Martin Tierney

Personal information
- Date of birth: 4 April 1966 (age 60)
- Place of birth: Glasgow, Scotland
- Position: Central midfielder

Youth career
- 1984–1988: Ayr United

Senior career*
- Years: Team / Apps / (Gls)
- 1989–1991: Bohemians
- 1991: Kilkenny City
- 1991–1992: Stranraer
- 1993–1994: PDRM FA
- 1995: Penang
- 1996: Houston Hotshots
- 1997: Geylang International FC
- 1998: Connecticut Wolves
- 1999–2000: Tulsa Roughnecks

= Martin Tierney =

Scottish footballer

Martin Tierney (born 4 April 1966) is a Scottish TV pundit and former professional footballer.

==Playing career==
Tierney started his career in the youth ranks alongside Alan McInally at Ayr United. In four years with the club, Tierney never made a first team appearance. He then moved to play in Ireland for a number of Irish clubs including Bohemian and Kilkenny City.

Tierney moved in the early 1990s to Asia, signing for PDRM FC in the Malaysian Liga Perdana and then moving onto Penang F.C. also in the Liga Perdana.

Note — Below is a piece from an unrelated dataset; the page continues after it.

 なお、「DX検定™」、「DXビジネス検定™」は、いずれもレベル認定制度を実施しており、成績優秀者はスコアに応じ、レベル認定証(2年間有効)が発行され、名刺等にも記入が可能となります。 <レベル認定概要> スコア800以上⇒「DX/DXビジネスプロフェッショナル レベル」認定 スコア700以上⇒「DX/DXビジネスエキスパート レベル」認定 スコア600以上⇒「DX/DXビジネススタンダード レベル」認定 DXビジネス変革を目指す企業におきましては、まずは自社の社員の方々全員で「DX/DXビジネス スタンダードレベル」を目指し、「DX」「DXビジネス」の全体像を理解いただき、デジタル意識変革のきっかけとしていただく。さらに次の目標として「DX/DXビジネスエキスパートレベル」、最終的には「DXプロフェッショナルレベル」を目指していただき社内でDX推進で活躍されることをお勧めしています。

In 1996 Tierney then moved to play in the North American Professional Leagues starting with Houston Hotshots of the Continental Indoor Soccer League (CISL). Houston Hotshots who made the North American National final that year for the first time in club history. In 1997 he then moved back to Asia to play with Singapore champions Geylang International FC and enjoyed being one of the first Scottish players to play in the Asian Club Championship (AFC Champions League) and also reaching the Singapore FA Cup Final where Tierney won man of the match honours and was also nominated for the S.League player of the year in 1997.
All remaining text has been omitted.